Extracellular vesicles (EVs) are small, dim, and difficult to measure by flow cytometry. Conventional flow cytometers designed for lymphocyte analysis lack the sensitivity to measure EVs well, and the literature is rife with artifacts that result from this. The use of proper experimental design, including appropriate controls and calibration can help identify these artifacts and enable reporting of results in a manner that can allow comparison between labs and among instruments. The ISAC-ISEV-ISTH EV FFC Working Group, a collaborative group of more than a dozen labs using FC to analyze EVs, has developed a framework to guide the reporting of EV FC analysis methods and results to facilitate standardization and progress in the field. This lab module will illustrate some of the key issues of experimental design and measurement calibration for EV FC.

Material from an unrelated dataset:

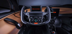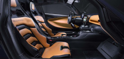 Interiorul modelului oferă un aspect futurist. Cel mai evident element este volanul de curse al mașinii, realizat din fibră de carbon, fiind printre altele și multifuncțional, iar butoanele acestuia răspund de o serie de comenzi, inclusiv pentru acționarea ștergătoarelor și indicatoarelor de direcție. Forma acestuia e condiționată de practicabilitate, partea superioară a fost eliminată pentru a îmbunătăți vizibilitatea.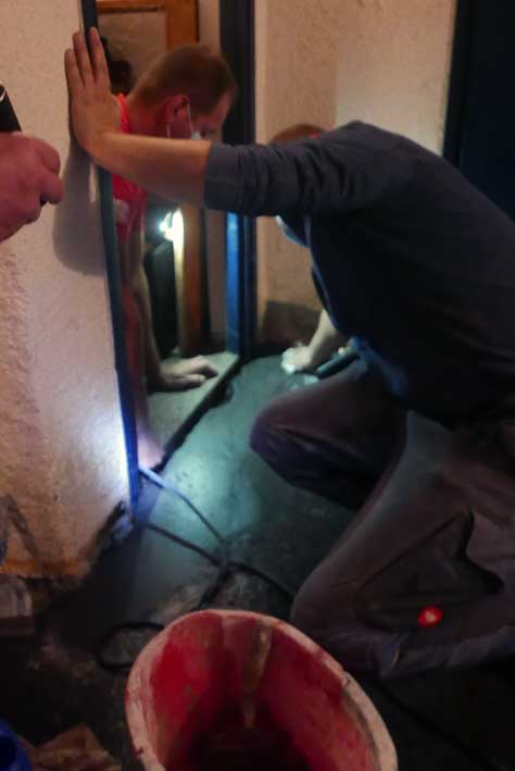 diesmal kommts von unten. Finden die Quelle oder mehrere Austritte wo. Versiegeln wie.

Advanced methods - Cell Signaling

(David Hedley and Sue Chow)

90’

The lab covers methodology for intracellular antigen measurement by flow cytometry, with emphasis on the dynamics of signaling pathways. We illustrate this by tracking the early signaling events in LPS-activated peripheral blood monocytes, then following through to the activation of the NFkB transcription factor, and production of the inflammatory cytokines IL-6 and IL-1. We will take you through the practical steps to produce high quality data using whole blood samples, combining a wide range of intracellular targets while preserving surface immunophenotype and light scatter signals.

Imaging Flow Cytometry

(Ziv Porat)

90’

Imaging Flow Cytometry combines the high-throughput quantification of flow cytometry with the information rich imagery of microscopy. This allows novel applications for flow cytometry as protein co-localization, cell-cell interaction, cellular morphology etc. The module will review the principles of Imaging Flow cytometry and introduce the concepts and principles of data analysis followed by example applications for this technology. The practical module will consist of data acquisition and analysis on the Imagestream for a number of different applications, including NFkB nuclear translocation and apoptosis.